The thorny issue of illegal numbers

If a number represents information which is forbidden by law for one to possess or distribute, that number is said to be illegal. By nature it is only possible to compose law that applies to a limited subset of reality. When it comes to prosecution for trafficking in illegal numbers, the application of murky laws to the idiosyncrasies of the real world inevitably leads to paradox that can only be resolved by additional law.

The most famous example of an illegal number was developed in 2001, a case in which the binary representation of a large prime number corresponded to a compressed version of C source code which implemented the DeCSS decryption algorithm. As this algorithm can be used to circumvent a DVD’s copy protection, the number used to generate the code was therefore deemed illegal.

The problem with labelling certain numbers as illegal is that not only can one invent situations where that number has a legitimate legal use, those situations can arise quite naturally, and furthermore even become common. The creator of the DeCSS numerical encoding scheme made precise use of that fact by choosing the algorithmic number in question to also be mathematically interesting of its own accord.

Some people might argue that holding, or even encoding, this information should not subject one to any particular laws since you just have recorded a number. Many jurisdictions would contest (and even rule) that any illegal string of code, image, or other data set that is represented as a number would make that number illegal. Regardless, considering the fact that there are many websites devoted to the cataloguing of top prime numbers in various forms, there would be significant likelihood that, at least for primes, such a number would already be published.

The video above, courtesy of mathematician James Grime, describes some instances where numbers may be of questionable legality. Others have already asked the question of whether or not numbers can be trademarked, copyrighted, or even patented. In some cases, like the numbers 737 and 747 for Boeing’s jets, the answer appears to be “yes,” at least for trademarks.

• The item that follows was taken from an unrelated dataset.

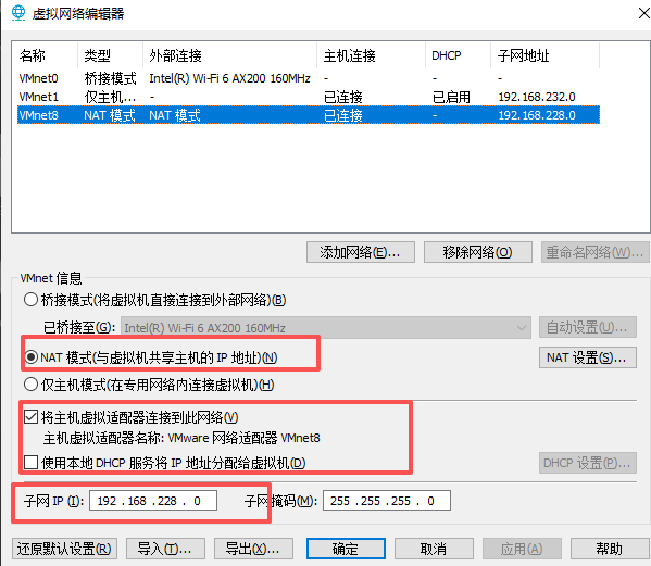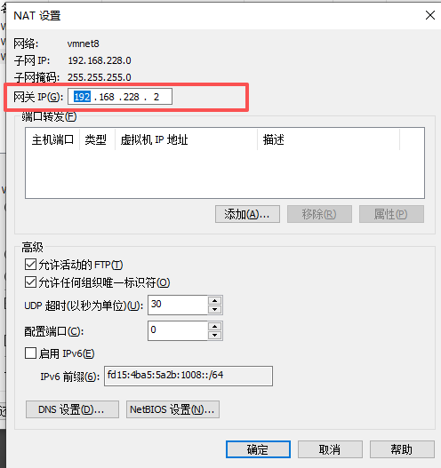 (3)点击“NAT 设置”查看网关,是 192.168.228.2(根据自己 VMWare 的 NAT

Trademarks can be valuable for society as a whole because they permit both praise and fault to be properly attributed. They are not generally meant to restrict use so much as ensure proper use. Unfortunately, as an ever-expanding range of property and idea comes to be represented in digital form – which in turn can be represented both algorithmically and numerically – exposure of the innocent to legal zealotry will increase.

Fair use for numbers

In seeking some kind of fair use for numbers, it is interesting to speculate whether some form of meta-law needs to be developed to deal with the potential abundance of derivable violation. Such laws would not necessarily just be laws about laws, but rather principles which can be universally applied to different sub-fields of law without defining particulars.

For example, in cases where there is doubt about the legality of a certain number found in someone’s possession, meta-law might dictate how that doubt is to be shared between parties on either side. One simple idea might be a meta-law stating that the right to profit can not infringe on the rights of individual privacy.

While that may seem like a pretty obvious idea, the right to profit now routinely intercedes on privacy. Obviously, privacy rights would not sit at the top of the chain, in fact in a civil society they may need to take a backseat to the even more basic rights of freedom. In this case, for example, forgoing full rights to privacy by permitting random home inspections would help countless children now living under horrendous conditions of abuse or kidnap, at the price of a little inconvenience to many. While this scenario seems far afield from that of illegal numbers, balancing privacy with the nature of the offence suggests a beginning towards sensibly gauging the gravity and penalty of any number fraud.

Bearing directly on the issue of privacy, just this week over in the US the Supreme Court recently upheld the rights of Monsanto to patent seeds (genetic information, as opposed to numeric, but information nonetheless). The seed can’t always be simply recognised as illegal, but rather may need to be sequenced into a code, and sharing the code is illegal as would be growing it without an agreement with Monsanto. This decision effectively makes the farmers who use the seeds renters, rather than owners, of the seeds they plant.

If it is possible to patent naturally occurring individual human genes, like BRAC1, then patenting painstakingly engineered sets of genes is not that unreasonable. The problem is that ensuring the right to profit, in this case, will soon mean intruding on a farmer’s property to do inspections, casting judgement on the origin of seeds that may have blown in from a neighbour, and using public funds for both enforcement and prosecution.

When it is a person that bears the result of a fault-prone binary decision of guilt, unfair penalty to that person should be seen as the greater evil when compared to a lack of fair judgement given to an entity. More generally, we might further say that distribution of a small individual penalty (or reward) to a large group of people, especially in the face of doubt, should be seen as less significant than a large judgement to an individual. A related aspect to the Monsanto case is the common perversion of seeking to popularise a judgement by making a disproportionate example of the individual.

Defining the legality of numbers and data will likely continue to become increasingly important as more of our lives are subsumed by computers. Keeping the human, and the individual, at the forefront of decisions regarding fair use is critical to making proper judgements in the best interests of society going forward.